#### [Activity]
Reproduce every entry below exactly, minus the pictures.

#### [Supplied material]

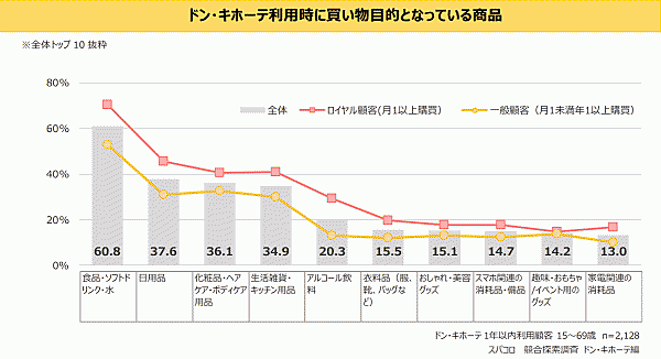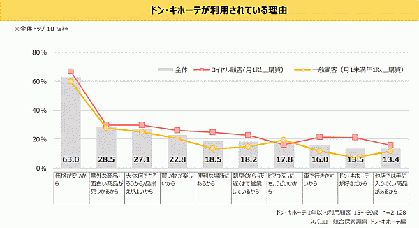 スパコロは、「競合探索調査 ドン・キホーテ編」の結果を発表した。「ドン・キホーテ」の競合探索を主目的に、15歳~69歳4,169名から回答を得ている。
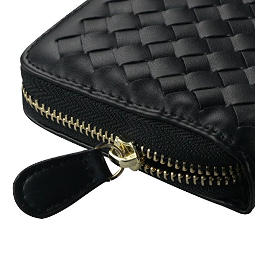 -. Title : Geflochten Reißverschluss Geldbörse Damen Portemonnaie Damen Geldbeutel,Schwarz
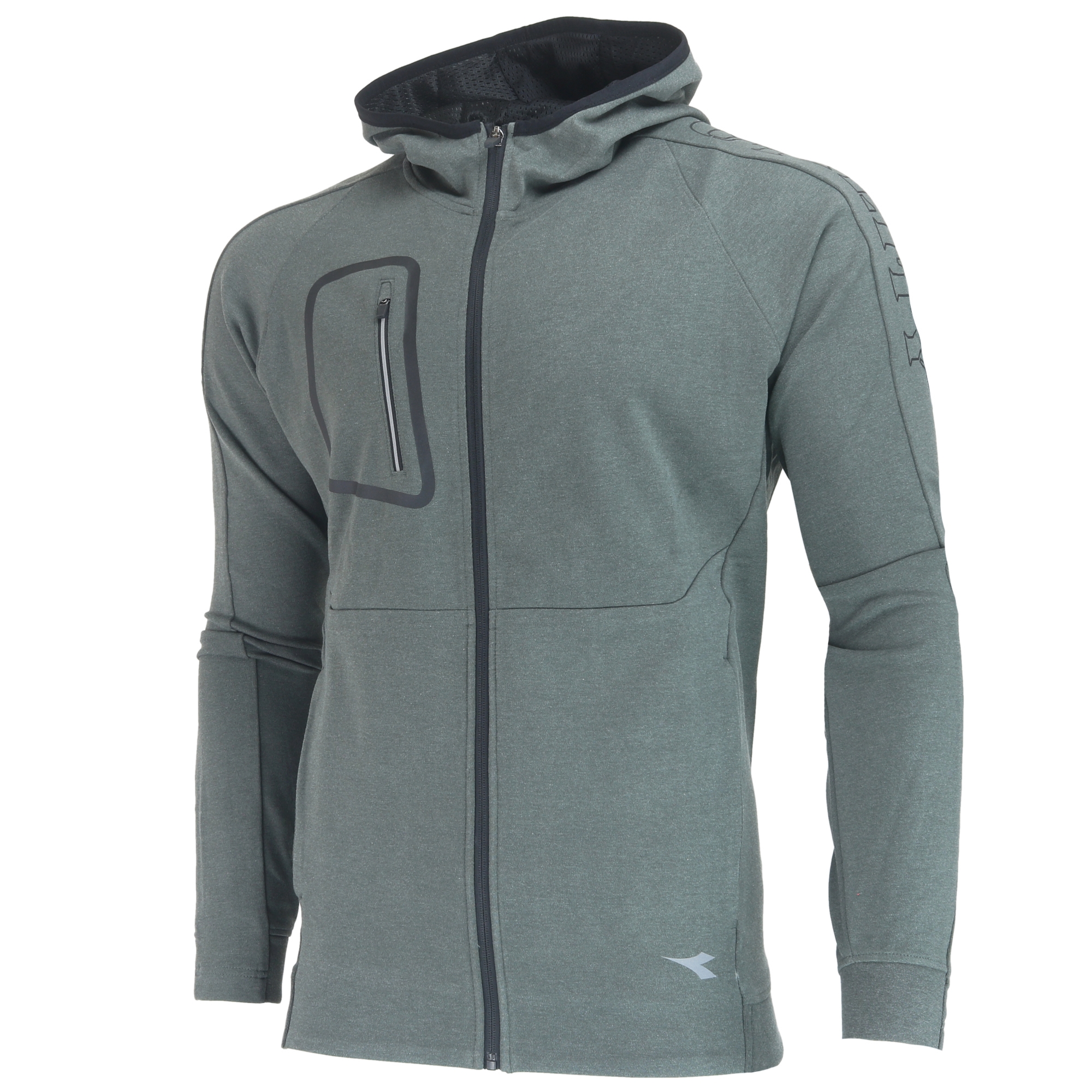 Nem csiszolt cipzáras pulóver fix kapucnival és hálós béléssel. Mellzseb cipzárral és két oldalzseb rejtett cipzárral. Részben bordázott mandzsetta és szegély. Ergonomikus ujj, redős könyökkel. Fényvisszaverő részletek és önzáró bütyökzár lehúzó. Interlock 55% pamut, 37% poliészter, 8% elasztán, 350 gr/m2
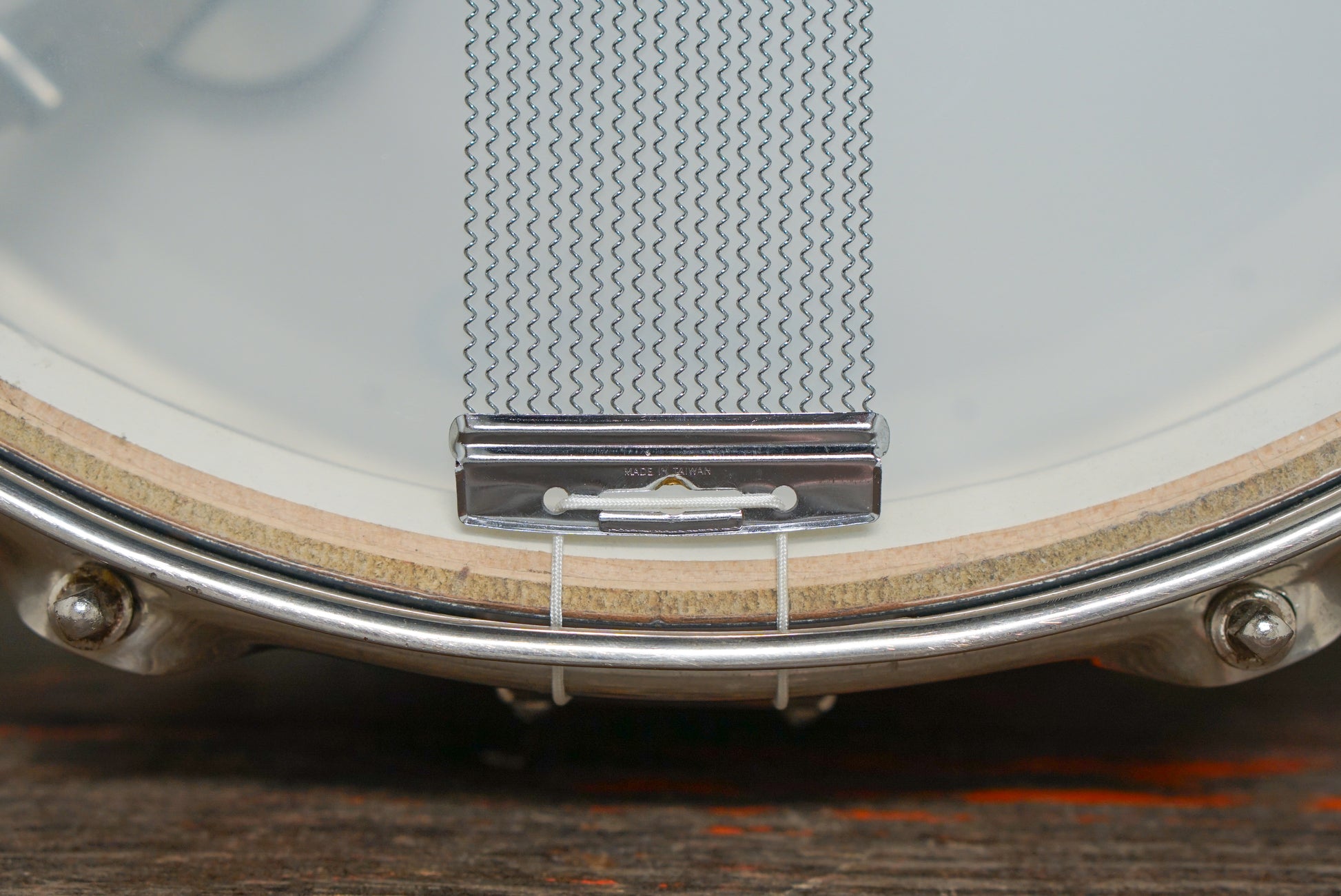 The Ludwig Jazz Festival is an iconic Ludwig snare drum, originally developed in the 1950s, and gaining in popularity throughout the '60s and early '70s. Three-ply shell with white-painted interior, eight bow-tie lugs, P83 strainer, knob-adjusted tone control, and replacement snare wires. Light pitting/surface rust on the nickel plating. A lovely drum in great working order, that sounds crisp, clean, and sensitive from the outer rim to the center of the head.
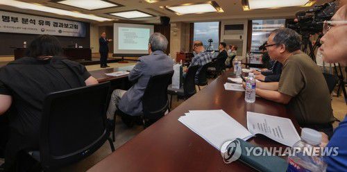 (서울=연합뉴스) 박건영 기자 = 우키시마호 승선자 유가족들이 13일 서울 중구 한국프레스센터에서 열린 승선자 명부 분석 경과보고회에서 심규선 일제강제동원피해자지원재단 이사장의 설명을 듣고 있다. 2025.8.13
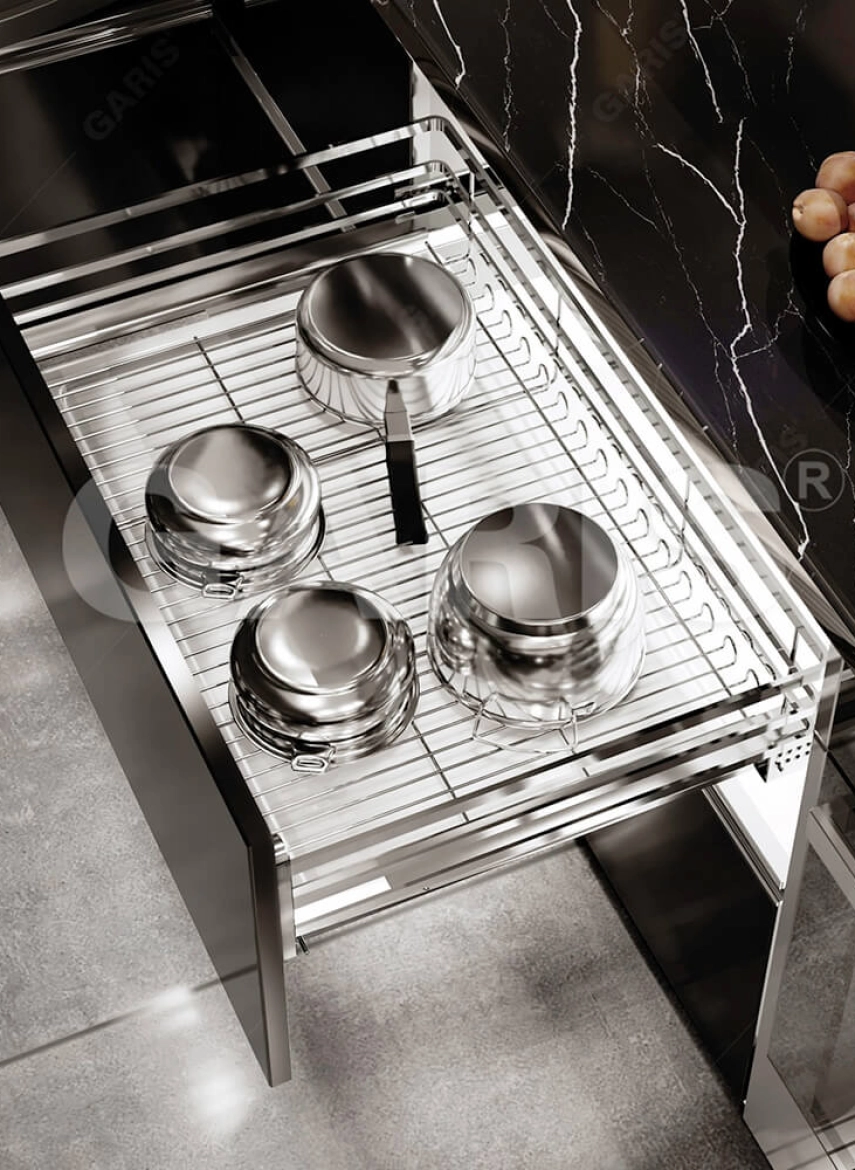 Giá xoong nồi là phụ kiện tủ bếp đóng vai trò rất quan trọng trong phòng bếp của mỗi gia đình. Giá để xoong nồi thường được thiết kế để gắn phía trong tủ bếp, giúp gia đình sắp xếp các loại bát đĩa phục vụ việc nấu nướng 1 cách gọn gàng, đảm bảo vệ sinh.
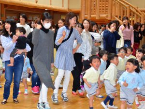 お母さん方も子ども達が踊るのを見ていたからか・・・?
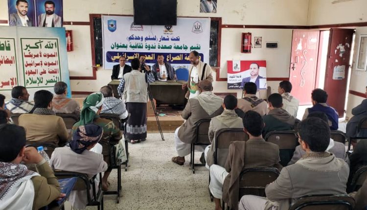 نظمت جامعة صعدة وملتقى الطالب الجامعي صباح اليوم ندوة علمية عن طبيعة الصراع مع العدو الإسرائيلي تحت شعار (لستم وحدكم).
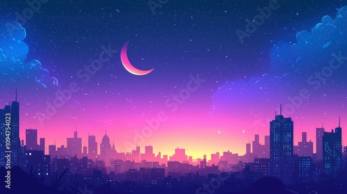© vuang, Fototapeta premium Colorful city skyline at twilight with crescent moon
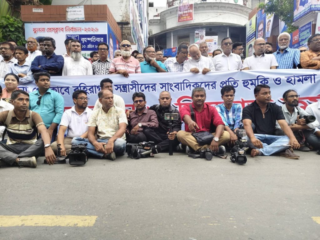 সোমবার (২৭ এপ্রিল) দুপুরে খুলনা প্রেসক্লাব চত্বরে আয়োজিত এ কর্মসূচিতে সাংবাদিকদের পাশাপাশি বিভিন্ন রাজনৈতিক ও সামাজিক সংগঠনের নেতাকর্মীরাও অংশ নেন।
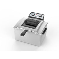 Fritadeira inox de 5 litros com 3 cestos e potência de 3000 W, equipada com sistema "Cold Zone" para resultados profissionais.
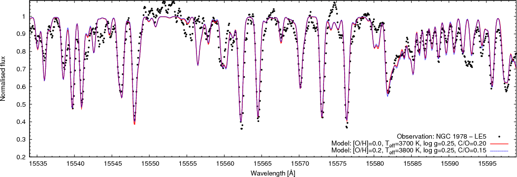 Measurements of the carbon abundance and the carbon isotopic ratio have been done for a few bright field AGB stars (Smith & Lambert 1990; Lambert et al. 1986; Harris et al. 1987). The direct comparison of the values inferred from field star observations to evolutionary models is complicated by the fact that luminosity and mass of those targets can be determined only inaccurately, while both quantities are crucial input parameters for the models. A strategy to circumvent this problem is to observe AGB stars in globular clusters (GC). They provide a rather homogeneous sample with respect to distance, age, mass, and metallicity. Admittedly, this simplistic picture is slowly disintegrating. There is evidence that globular clusters often harbour more than one population with abundance variations among the constituents (Piotto et al. 2007; Renzini 2008; Mackey & Broby Nielsen 2007). The parameters like mass and metallicity are, however, still much better constrained than for field stars. For our purpose, i.e. investigating the abundance variations due to the TDU, the old Milky Way globular clusters are not well suited. The AGB stars of the current generation have an envelope mass too low for TDU to occur, while more massive stars have evolved beyond the AGB phase. The intermediate-age globular clusters in the Large Magellanic Cloud (LMC) serve our needs better. We started with an investigation of the AGB stars in NGC 1846 (Lebzelter et al. 2008, henceforth Paper I) and indeed demonstrated the abundance variation along the AGB due to the TDU.
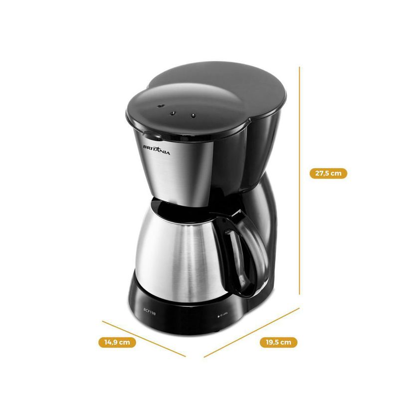 CARACTERÍSTICAS TÉCNICAS • Prepara 18 cafés; • Jarra em aço inox; • Acabamento em aço inox; • Porta filtro removível; • Filtro removível, fácil de limpar; • Colher medidora; • Sistema corta-pingos; • Reservatório com capacidade de 720ml • Base antiderrapante;
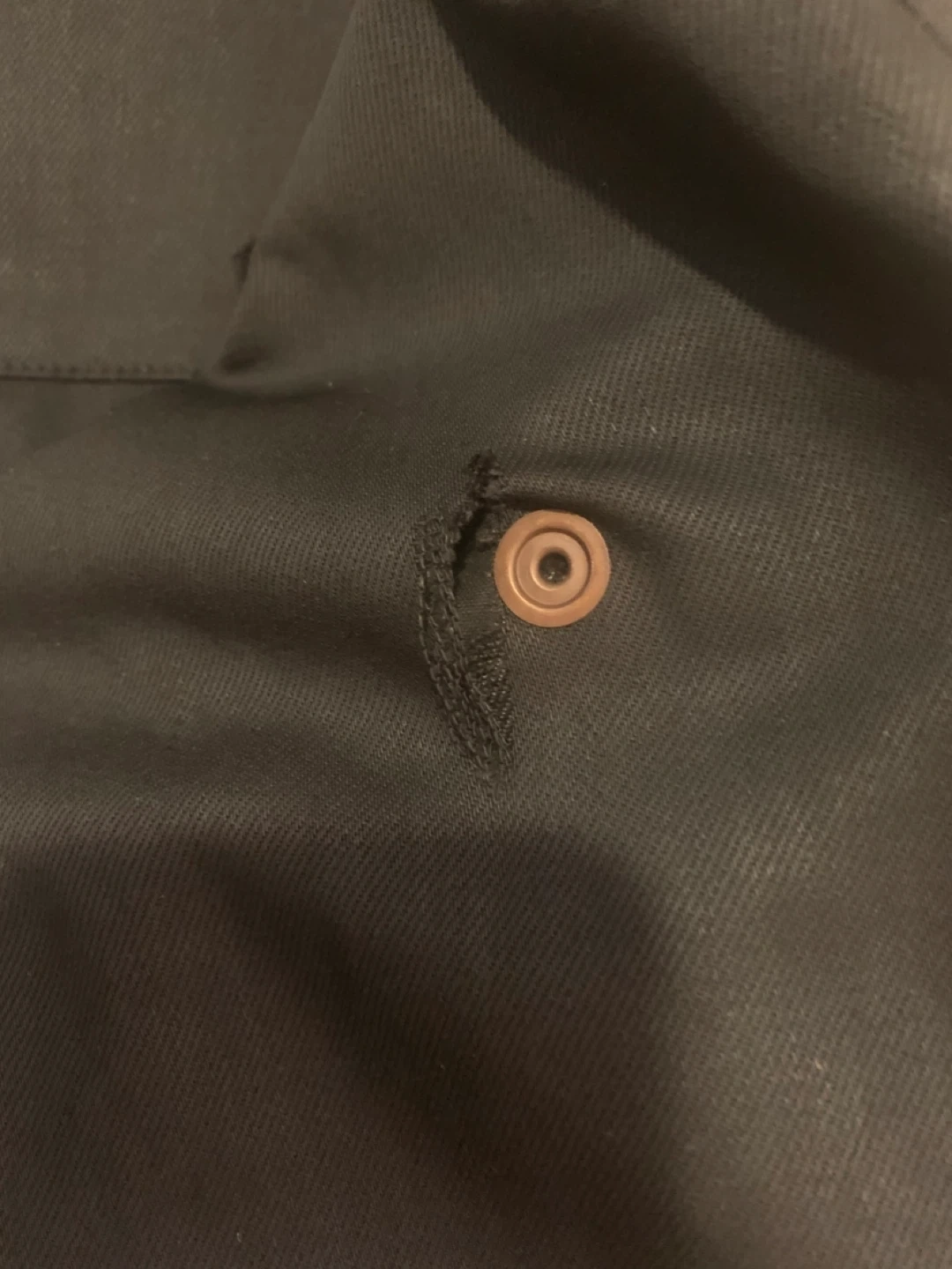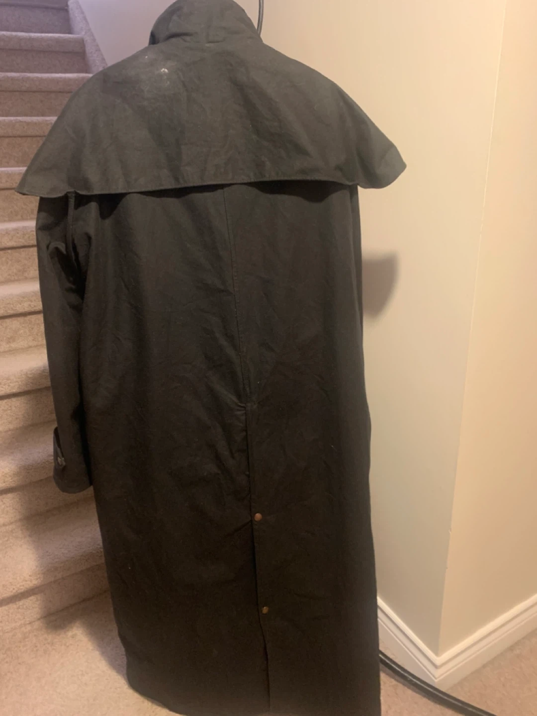 Black, long duster jacket made from 100% cotton oil skins. Features a full-length button-up front and a cape for added protection. Size 6.
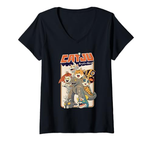 Women's Catju Super Cat Monster Parody Retro Kaiju Feline Japanese V-Neck T-Shirt
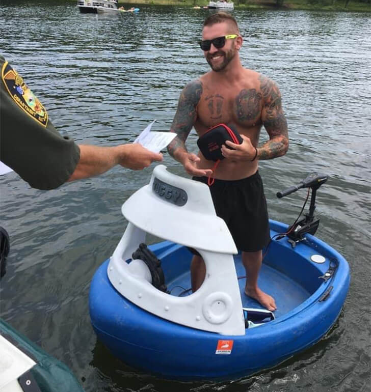 Dieses coole Foto zeigt einen Mann auf einem selbstgebastelten Jetski, der durch sein außergewöhnliches Fahrzeug scheinbar in eine brenzlige Situation mit einem Polizisten geraten ist. Doch es stellte sich heraus, dass alles in bester Ordnung ist. Der Polizist führte nur eine routinemäßige Überprüfung der Zulassung des Jetskis durch, ohne dass dabei ein Verstoß festgestellt wurde.
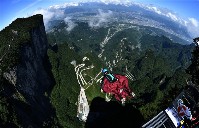 Jumping off a cliff 1,458 meters above sea level is all a part of the game for those participating in this year's World Wingsuit Championship in Zhangjiajie, China.
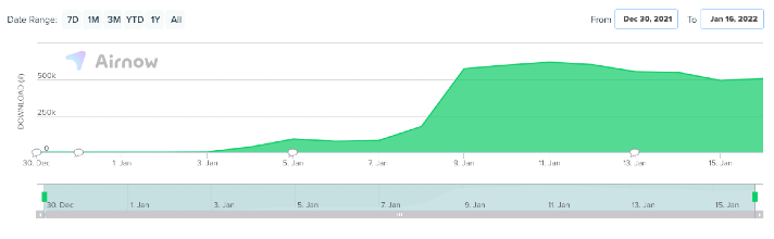 Die beeindruckenden Download-Zahlen von Locket bisher (Quelle: Airnow Data).

#### [Answer section]
 スパコロは、「競合探索調査 ドン・キホーテ編」の結果を発表した。「ドン・キホーテ」の競合探索を主目的に、15歳~69歳4,169名から回答を得ている。
 -. Title : Geflochten Reißverschluss Geldbörse Damen Portemonnaie Damen Geldbeutel,Schwarz
 Nem csiszolt cipzáras pulóver fix kapucnival és hálós béléssel. Mellzseb cipzárral és két oldalzseb rejtett cipzárral. Részben bordázott mandzsetta és szegély. Ergonomikus ujj, redős könyökkel. Fényvisszaverő részletek és önzáró bütyökzár lehúzó. Interlock 55% pamut, 37% poliészter, 8% elasztán, 350 gr/m2
 The Ludwig Jazz Festival is an iconic Ludwig snare drum, originally developed in the 1950s, and gaining in popularity throughout the '60s and early '70s. Three-ply shell with white-painted interior, eight bow-tie lugs, P83 strainer, knob-adjusted tone control, and replacement snare wires. Light pitting/surface rust on the nickel plating. A lovely drum in great working order, that sounds crisp, clean, and sensitive from the outer rim to the center of the head.
 (서울=연합뉴스) 박건영 기자 = 우키시마호 승선자 유가족들이 13일 서울 중구 한국프레스센터에서 열린 승선자 명부 분석 경과보고회에서 심규선 일제강제동원피해자지원재단 이사장의 설명을 듣고 있다. 2025.8.13
 Giá xoong nồi là phụ kiện tủ bếp đóng vai trò rất quan trọng trong phòng bếp của mỗi gia đình. Giá để xoong nồi thường được thiết kế để gắn phía trong tủ bếp, giúp gia đình sắp xếp các loại bát đĩa phục vụ việc nấu nướng 1 cách gọn gàng, đảm bảo vệ sinh.
 お母さん方も子ども達が踊るのを見ていたからか・・・?
 نظمت جامعة صعدة وملتقى الطالب الجامعي صباح اليوم ندوة علمية عن طبيعة الصراع مع العدو الإسرائيلي تحت شعار (لستم وحدكم).
© vuang, Fototapeta premium Colorful city skyline at twilight with crescent moon
 সোমবার (২৭ এপ্রিল) দুপুরে খুলনা প্রেসক্লাব চত্বরে আয়োজিত এ কর্মসূচিতে সাংবাদিকদের পাশাপাশি বিভিন্ন রাজনৈতিক ও সামাজিক সংগঠনের নেতাকর্মীরাও অংশ নেন।
 Fritadeira inox de 5 litros com 3 cestos e potência de 3000 W, equipada com sistema "Cold Zone" para resultados profissionais.
 Measurements of the carbon abundance and the carbon isotopic ratio have been done for a few bright field AGB stars (Smith & Lambert 1990; Lambert et al. 1986; Harris et al. 1987). The direct comparison of the values inferred from field star observations to evolutionary models is complicated by the fact that luminosity and mass of those targets can be determined only inaccurately, while both quantities are crucial input parameters for the models. A strategy to circumvent this problem is to observe AGB stars in globular clusters (GC). They provide a rather homogeneous sample with respect to distance, age, mass, and metallicity. Admittedly, this simplistic picture is slowly disintegrating. There is evidence that globular clusters often harbour more than one population with abundance variations among the constituents (Piotto et al. 2007; Renzini 2008; Mackey & Broby Nielsen 2007). The parameters like mass and metallicity are, however, still much better constrained than for field stars. For our purpose, i.e. investigating the abundance variations due to the TDU, the old Milky Way globular clusters are not well suited. The AGB stars of the current generation have an envelope mass too low for TDU to occur, while more massive stars have evolved beyond the AGB phase. The intermediate-age globular clusters in the Large Magellanic Cloud (LMC) serve our needs better. We started with an investigation of the AGB stars in NGC 1846 (Lebzelter et al. 2008, henceforth Paper I) and indeed demonstrated the abundance variation along the AGB due to the TDU.
 CARACTERÍSTICAS TÉCNICAS • Prepara 18 cafés; • Jarra em aço inox; • Acabamento em aço inox; • Porta filtro removível; • Filtro removível, fácil de limpar; • Colher medidora; • Sistema corta-pingos; • Reservatório com capacidade de 720ml • Base antiderrapante;
 Black, long duster jacket made from 100% cotton oil skins. Features a full-length button-up front and a cape for added protection. Size 6.
 Women's Catju Super Cat Monster Parody Retro Kaiju Feline Japanese V-Neck T-Shirt
 Dieses coole Foto zeigt einen Mann auf einem selbstgebastelten Jetski, der durch sein außergewöhnliches Fahrzeug scheinbar in eine brenzlige Situation mit einem Polizisten geraten ist. Doch es stellte sich heraus, dass alles in bester Ordnung ist. Der Polizist führte nur eine routinemäßige Überprüfung der Zulassung des Jetskis durch, ohne dass dabei ein Verstoß festgestellt wurde.
 Jumping off a cliff 1,458 meters above sea level is all a part of the game for those participating in this year's World Wingsuit Championship in Zhangjiajie, China.
 Die beeindruckenden Download-Zahlen von Locket bisher (Quelle: Airnow Data).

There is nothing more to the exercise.